The first thing to note is that the algorithm only runs when it receives new location data points. While there is a notional idea of a debounce "timer," it is not implemented with an actual timer. What happens is, when a new data point arrives that indicates the user has changed state, and the user is in a "transition" state, we compare the current time with the time that the user entered the transition state. If the difference is larger than the debounce interval, and the change is in the same direction (i.e., in or out), then they have entered/exited the bot. If the change is in the opposite direction, then we delete the transition event and pretend it never happened.

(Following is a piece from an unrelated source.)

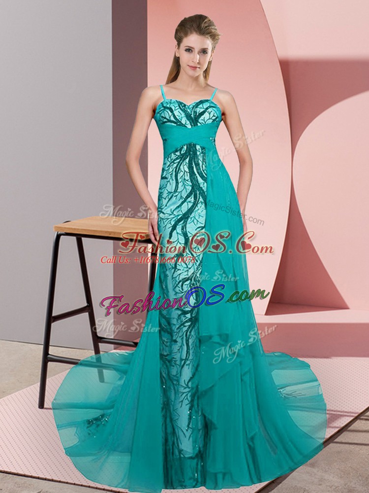 Edgy Tulle Spaghetti Straps Sleeveless Sweep Train Zipper Beading and Lace Prom Dress in Teal

That is what happened here. The user enters the bot perimeter and goes into a transition_in state. The next data point that comes in has the user outside of the bot, so the transition_in state is deleted, which leaves the user in the exited state that they were in before all this started.

  • At 12:58:43, a data point arrives but it indicates the user is outside the bot. The debounce algorithm looks at it and concludes that the user is now outside, and hence was inside the bot for only a few seconds around 12:45:33.
  • A few seconds is not long enough to satisfy debounce, so the algorithm concludes that the user neither entered nor exited the bot.

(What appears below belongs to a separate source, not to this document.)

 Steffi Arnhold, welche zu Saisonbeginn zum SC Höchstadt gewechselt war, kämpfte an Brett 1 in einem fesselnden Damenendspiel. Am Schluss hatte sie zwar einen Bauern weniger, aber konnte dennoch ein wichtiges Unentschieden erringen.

While it gets to the same place, the conclusions of the algorithm are slightly different. What actually happens is that the algorithm concludes that the user bounced, because there is no proof that the user was inside the bot for at least the debounce interval. The algorithm was designed to only send a push notification when we know for sure that the user is where we think they are. In this scenario, the user could have been inside the bot for the required amount of time (and, in fact, they apparently were), or they could have bounced off the edge of the bot's perimeter. We just don't know, and the algorithm defaults to not sending a message when the user's location is ambiguous.

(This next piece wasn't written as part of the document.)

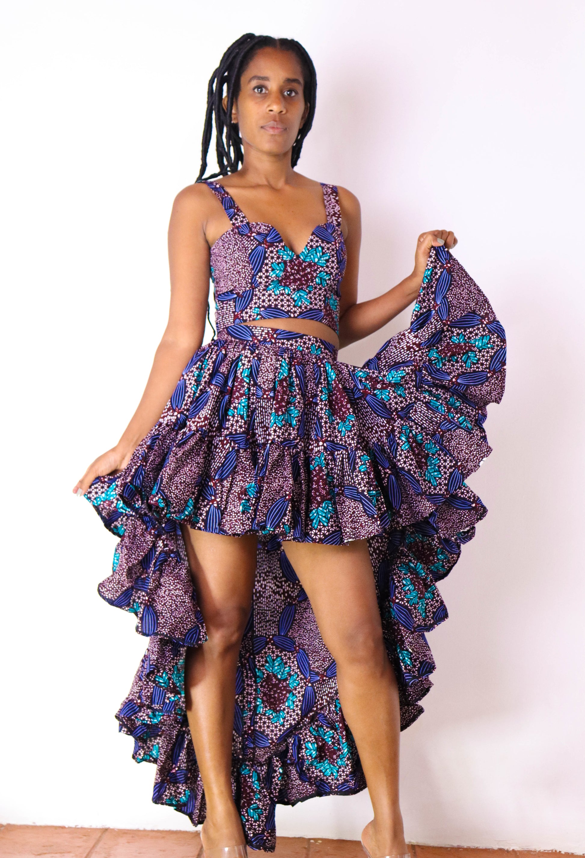 Ora Women's African Print Crop Top (Purple Matching Top)

And what else can it do? When implementing debouncing, I considered setting a timer for the debounce interval and notifying when that timer expired if there was no proof that the user exited the bot perimeter in the meantime. That presented some difficult technical challenges, but it also fails in exactly the way that we don't want. In this case, the algorithm would have notified correctly; but in a case where the user actually did bounce, then it would have sent a false positive. I have tried to err on the side of not sending false positives. If we know there are going to be failures, we probably shouldn't call attention to them 😄.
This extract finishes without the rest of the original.